*** Opening of Information supplied ***
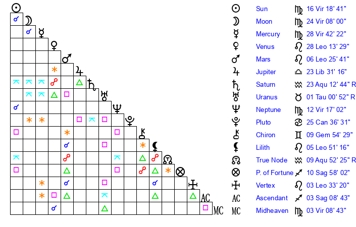 | Moon | 24 Virgo 16 | 13 Aries 24 | 27 Capricorn 0 |
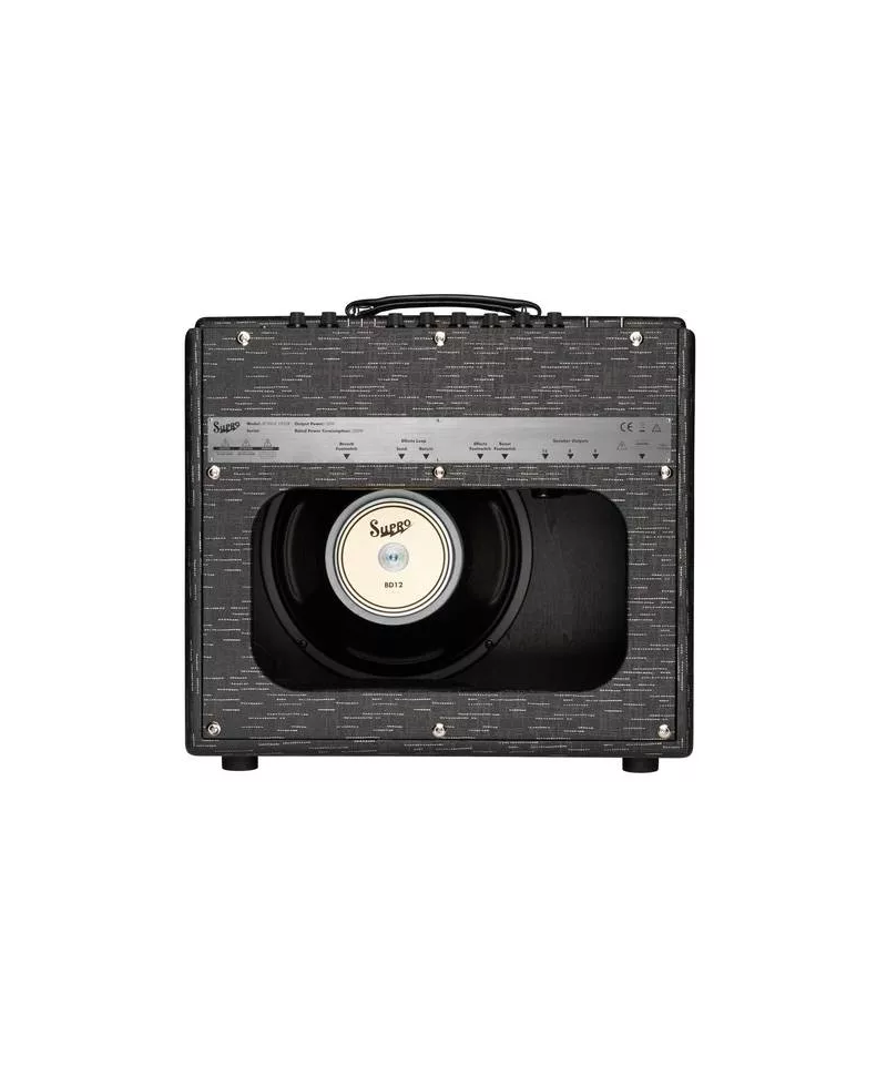 Un amplificatore a valvole da 50W ad alto headroom con un potente equalizzatore, boost selezionabile a pedale, loop effetti con buffer a valvole ed un glorioso riverbero a molla valvolare, il Royale cattura tutte le sfumature del tuo modo di suonare, sia sul palco che in studio. Il finale di potenza 5881 del Royale offre la scelta di un funzionamento in Classe A (35W) o Classe AB (50W), oltre ad un volume principale per controllare il livello di pressione sonora. La modalit in Classe A offre il tradizionale suono Supro catodico con una gamma media audace e spugnosa. La classe AB offre un California-sound basato sulla griglia con una gamma media pi scavata, bassi pi stretti ed una risposta ai transienti pi rapida. Alloggiato in un cabinet in pioppo con tolex Black Scandia di ispirazione vintage e un tessuto della griglia di canapa, il Royale l'amplificatore Supro pi reattivo dinamicamente, ricco di funzionalit e ad ampio headroom fino ad oggi. Dispone di uno speaker Supro BD12 Custom.
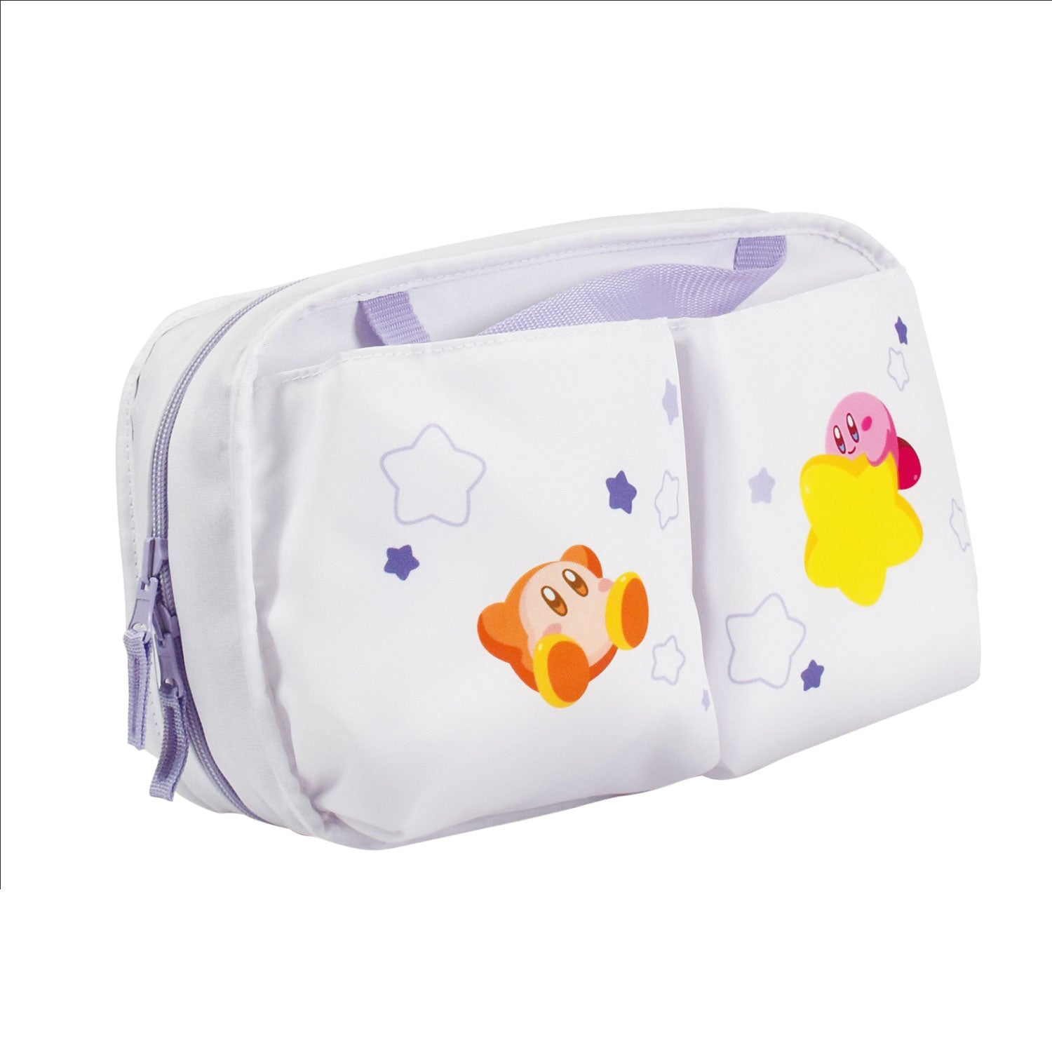 The front showcases Kirby and Waddle Dee peeking out of a pocket, while the reverse side features the pair floating across a starry sky for an extra-cute accent.
*** Close of Information supplied ***
Nothing but the lines from the first line of the data above through the line holding "Un amplificatore a" may appear in the response, copied exactly and without pictures.

Exercise solution.
 | Moon | 24 Virgo 16 | 13 Aries 24 | 27 Capricorn 0 |
 Un amplificatore a valvole da 50W ad alto headroom con un potente equalizzatore, boost selezionabile a pedale, loop effetti con buffer a valvole ed un glorioso riverbero a molla valvolare, il Royale cattura tutte le sfumature del tuo modo di suonare, sia sul palco che in studio. Il finale di potenza 5881 del Royale offre la scelta di un funzionamento in Classe A (35W) o Classe AB (50W), oltre ad un volume principale per controllare il livello di pressione sonora. La modalit in Classe A offre il tradizionale suono Supro catodico con una gamma media audace e spugnosa. La classe AB offre un California-sound basato sulla griglia con una gamma media pi scavata, bassi pi stretti ed una risposta ai transienti pi rapida. Alloggiato in un cabinet in pioppo con tolex Black Scandia di ispirazione vintage e un tessuto della griglia di canapa, il Royale l'amplificatore Supro pi reattivo dinamicamente, ricco di funzionalit e ad ampio headroom fino ad oggi. Dispone di uno speaker Supro BD12 Custom.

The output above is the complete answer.